**Exercise aim**
The line that contains "Decenas de personas" marks the start. Please set it down, with every later line of the data, exactly and without pictures.

**Recorded information**
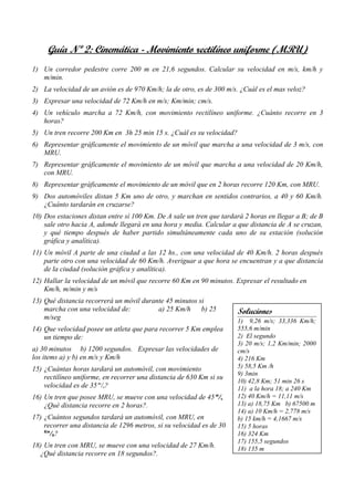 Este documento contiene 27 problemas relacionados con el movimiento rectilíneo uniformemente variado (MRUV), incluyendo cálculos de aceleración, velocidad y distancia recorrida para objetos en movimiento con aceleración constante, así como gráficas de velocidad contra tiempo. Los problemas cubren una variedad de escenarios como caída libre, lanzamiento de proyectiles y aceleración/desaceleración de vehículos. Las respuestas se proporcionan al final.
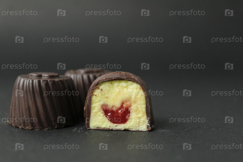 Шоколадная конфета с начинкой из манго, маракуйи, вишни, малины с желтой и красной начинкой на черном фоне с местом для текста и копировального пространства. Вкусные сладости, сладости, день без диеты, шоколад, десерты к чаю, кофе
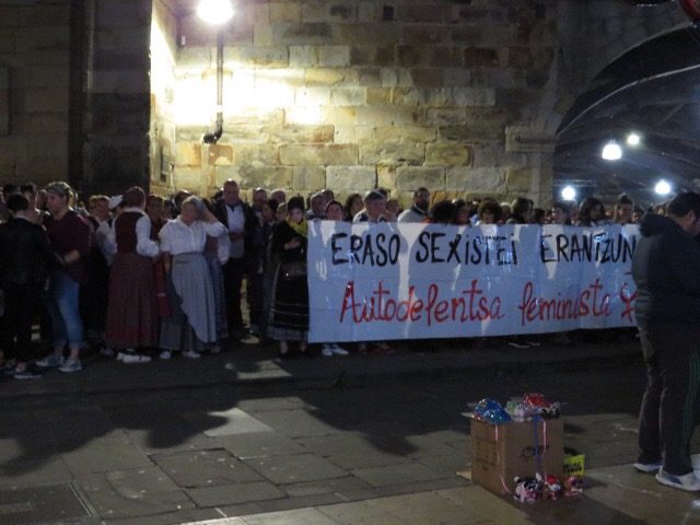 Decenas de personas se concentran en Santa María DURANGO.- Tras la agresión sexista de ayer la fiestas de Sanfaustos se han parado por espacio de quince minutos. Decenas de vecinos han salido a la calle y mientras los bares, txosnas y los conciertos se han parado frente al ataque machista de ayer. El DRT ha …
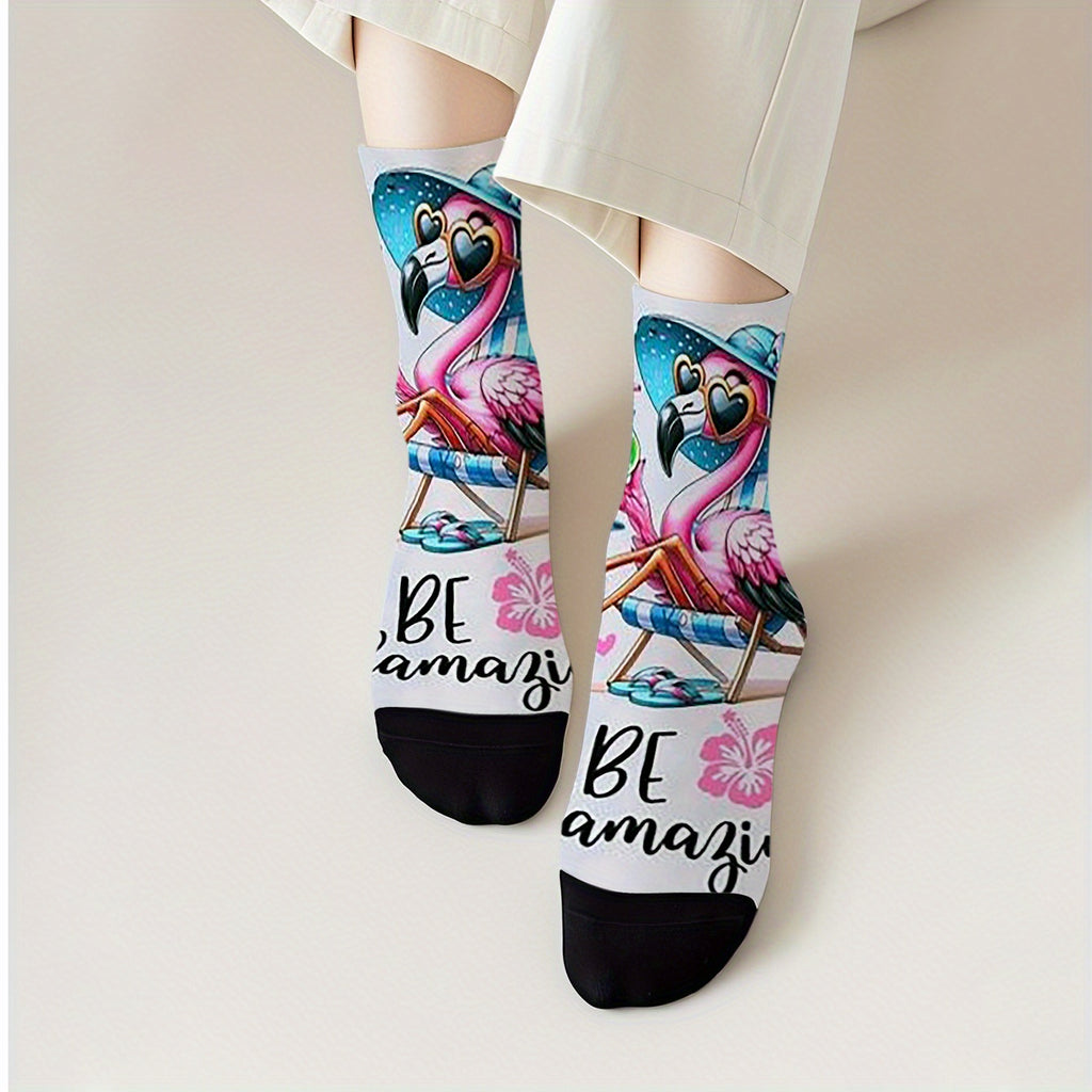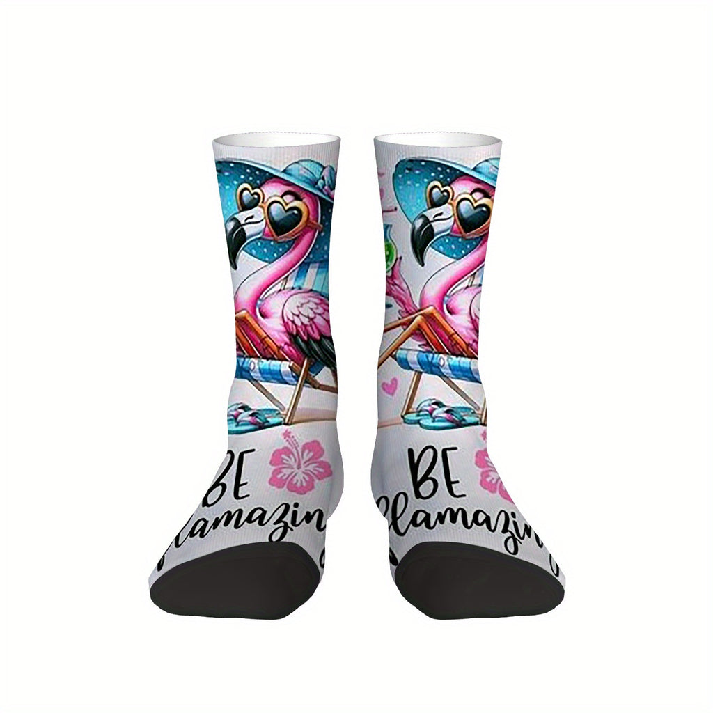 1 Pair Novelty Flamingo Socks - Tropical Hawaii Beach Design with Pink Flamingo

**Reply to the task**
 Decenas de personas se concentran en Santa María DURANGO.- Tras la agresión sexista de ayer la fiestas de Sanfaustos se han parado por espacio de quince minutos. Decenas de vecinos han salido a la calle y mientras los bares, txosnas y los conciertos se han parado frente al ataque machista de ayer. El DRT ha …
 1 Pair Novelty Flamingo Socks - Tropical Hawaii Beach Design with Pink Flamingo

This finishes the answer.